Dividida en rapsodias, como si fuese un viejo canto griego o romano, Pájaros de Verano aspira a
la épica de Shakespeare, de la Ilíada o la Eneida. Y lo consigue. Los directores Cristina Gallego y
Ciro Guerra (famosos por El abrazo de la serpiente) nos introducen en una fábula que va más allá
de la historia humana; hasta ese momento que sólo puede contarse en forma de mito creador. Lo
más llamativo de esta película extraordinaria es que la creación a la que refiere es la de la guerra
del narco que comenzó en Colombia y se ha extendido a toda la región. Hablada casi por completo
en wayú, idioma de la guajira colombiana, Pájaros de verano comienza cuando Zaida, una
hermosa wayú llega a la pubertad. Pintada en forma ritual sale de su casa para bailar.
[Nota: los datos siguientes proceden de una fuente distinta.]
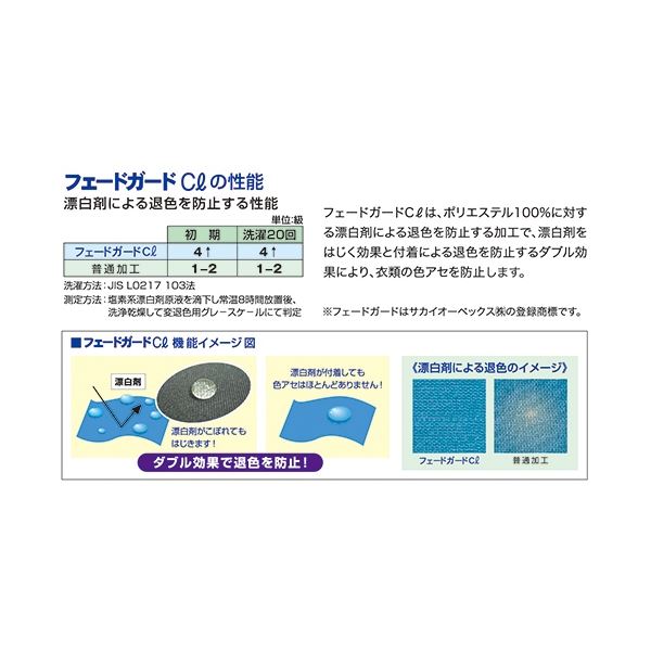 漂白剤による退色を防止する加工をした胸当てエプロン。
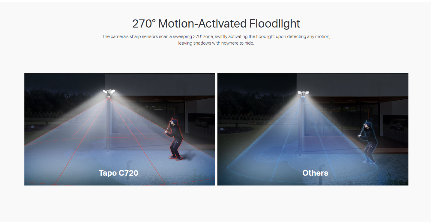كشاف يعمل بالحركة: بدقة تشبه دقة الصقر في الظلام، تكتشف الكاميرا الحركات العابرة وتفعل الكشاف لتغطية مساحة شاسعة تصل إلى 270 درجة.

Los hombres
suenan los tambores. Los pretendientes se enfrentan con ella en un baile que simula el acto de
amor. Ella los enfrenta y ellos caminan hacia atrás. Si el varón pierde el equilibrio será indigno de
su mano. Cae el primer pequeñajo, el que sigue es sagaz. Rapayet es un tipo bigotón y arrecho
que resiste los embates de la niña bailando sin caer hacia atrás. El problema es que la familia de
ella no quiere el matrimonio con un desconocido de modo que le fijan una dote espectacular. ¿De
dónde va a sacar Rapayet el dinero para comprar los chivos y los cabritos con los que podrá
hacerse digno de Zaida? Es aquí donde entran en escena unos gringos que detrás de la fachada
de una organización que está luchando contra el comunismo en América Latina lo que realmente
quiere es comprar marihuana. Comienza el negocio y comienza la decadencia. Comienza la
tragedia en el sentido en que la entendían los griegos. Porque la transgresión hace indignar a los
espíritus que poco a poco abandonan al clan de Zaida. Y como en Edipo o en Hamlet se siguen
las violaciones hasta que, en el momento climático de la película, se asesina a la palabra. De ese
tamaño. Hay que ver esta película que plantea que cuando muere el verbo sólo hay espacio para
la guerra. Narrada con cantos que harían la delicia de un antropólogo, Pájaros de verano es la
historia del narco desde el punto de vista guajiro y no, como estamos acostumbrados, desde la
visión pagana de los hombres del norte que, incapaces de entender otro lenguaje que el de las
balas, inundan de dólares la región. La sensibilidad con la que está contada Pájaros de verano es
muy distinta de la “épica” hollywoodense que es “épica” sólo porque tiene gran producción. Loving
Pablo o Traffic, por ejemplo. En la primera, Javier Bardem interpretaba a un Escobar patéticamente
banal, digno de Hannah Arendt, mientras que en la segunda, Soderbergh tenía el descaro de
plantear que la corruptísima Administración para el Control de Drogas (la DEA), estaba hecha de
héroes, mientras que los latinos éramos los auténticos malos de la película. En Pájaros de verano
hay mal y hay bien, por supuesto, pero ambos superan con mucho el melodrama. La maldad es
una condición cósmica que irrumpe en la guajira a causa de la lujuria de un hombre que quiere
casarse y la glotonería de los gringos que quieren llenarse la cabeza de marihuana. Contada en
clave que recuerda la alquimia de Cien años de soledad, Pájaros de verano sigue la tradición de
García Márquez en el sentido de que narra una realidad ética echando mano del mito. Y mientras
la película más se aleja de la producción hollywoodense, más se aproxima a la contundencia de
La Ilíada.

Pájaros de verano. Dirección, Cristina Gallegos, Ciro Guerra. México, Colombia, Dinamarca, 2018.